— DATA PROVIDED —
* * * * * * * * *
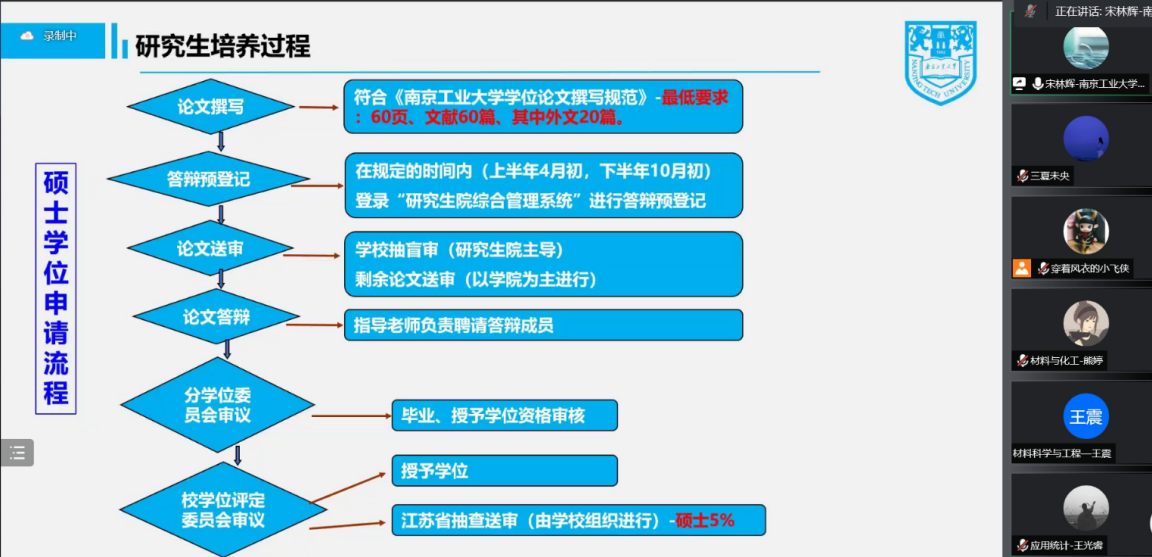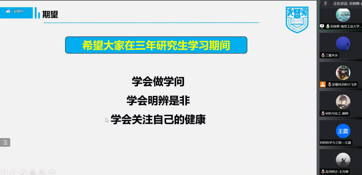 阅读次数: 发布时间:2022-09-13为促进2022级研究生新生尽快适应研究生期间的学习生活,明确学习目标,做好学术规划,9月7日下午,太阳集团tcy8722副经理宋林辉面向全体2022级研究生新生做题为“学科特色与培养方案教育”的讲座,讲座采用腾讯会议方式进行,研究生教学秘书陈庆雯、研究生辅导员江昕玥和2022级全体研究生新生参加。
* * * * * * * * *
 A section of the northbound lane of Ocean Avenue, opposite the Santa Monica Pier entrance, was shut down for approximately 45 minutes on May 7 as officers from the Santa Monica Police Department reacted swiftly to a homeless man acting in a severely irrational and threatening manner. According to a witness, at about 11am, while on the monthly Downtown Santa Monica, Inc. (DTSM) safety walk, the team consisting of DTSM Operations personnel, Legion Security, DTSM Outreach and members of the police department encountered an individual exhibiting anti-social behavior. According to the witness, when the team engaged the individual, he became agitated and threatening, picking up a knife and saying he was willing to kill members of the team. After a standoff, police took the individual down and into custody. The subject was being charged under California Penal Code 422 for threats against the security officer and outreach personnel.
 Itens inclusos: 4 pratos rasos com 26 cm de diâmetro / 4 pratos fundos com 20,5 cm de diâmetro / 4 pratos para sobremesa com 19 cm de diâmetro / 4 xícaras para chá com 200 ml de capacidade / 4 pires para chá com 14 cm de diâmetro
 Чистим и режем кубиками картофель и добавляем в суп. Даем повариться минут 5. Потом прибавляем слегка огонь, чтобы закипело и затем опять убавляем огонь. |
* * * * * * * * *
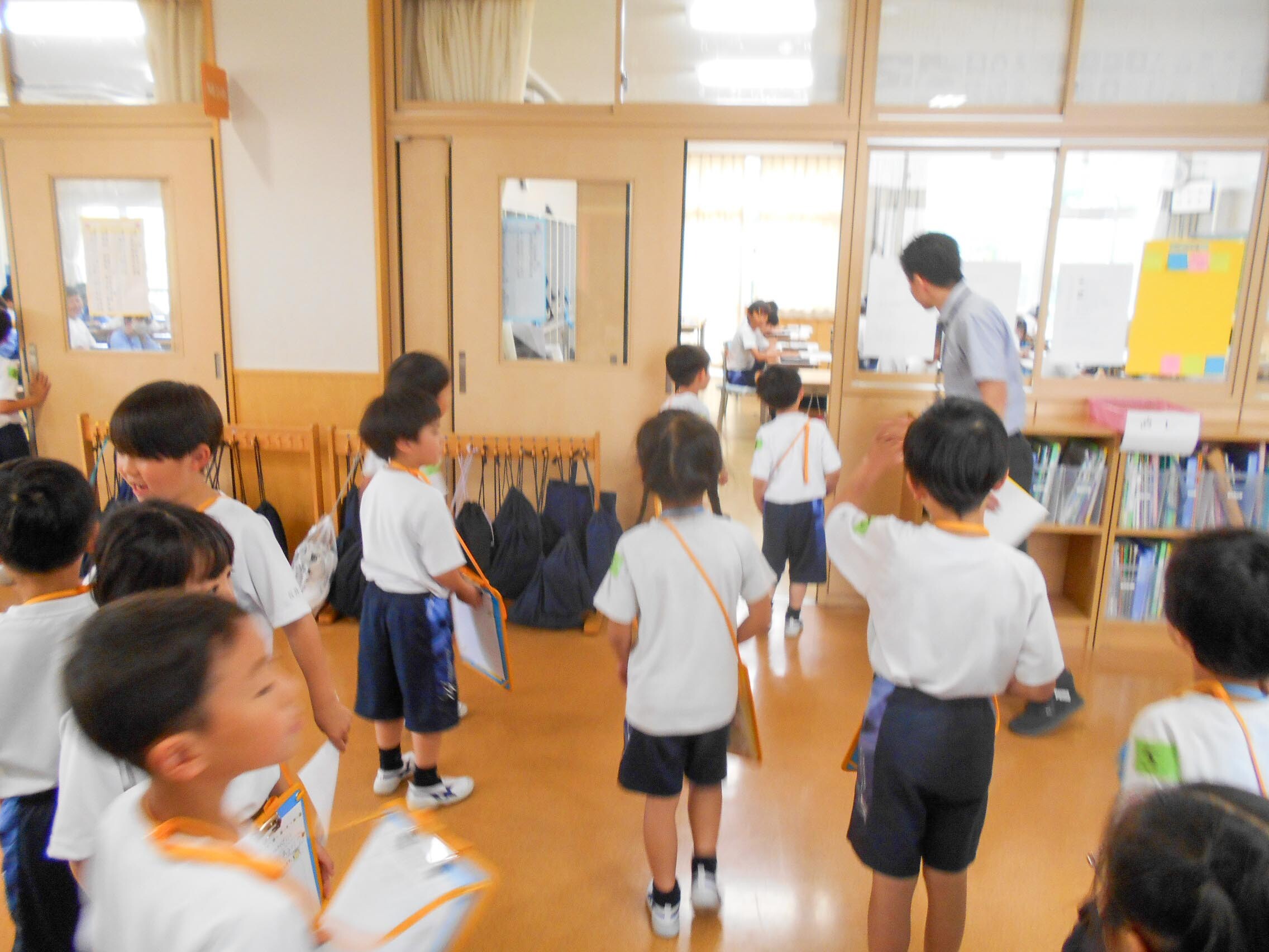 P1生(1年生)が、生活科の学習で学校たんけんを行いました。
* * * * * * * * *
— TASK DETAILS —
Reproduce verbatim the lines above, from the line with "Itens inclusos: 4" through the line with "Чистим и режем".

— RESPONSE AREA —
 Itens inclusos: 4 pratos rasos com 26 cm de diâmetro / 4 pratos fundos com 20,5 cm de diâmetro / 4 pratos para sobremesa com 19 cm de diâmetro / 4 xícaras para chá com 200 ml de capacidade / 4 pires para chá com 14 cm de diâmetro
 Чистим и режем кубиками картофель и добавляем в суп. Даем повариться минут 5. Потом прибавляем слегка огонь, чтобы закипело и затем опять убавляем огонь. |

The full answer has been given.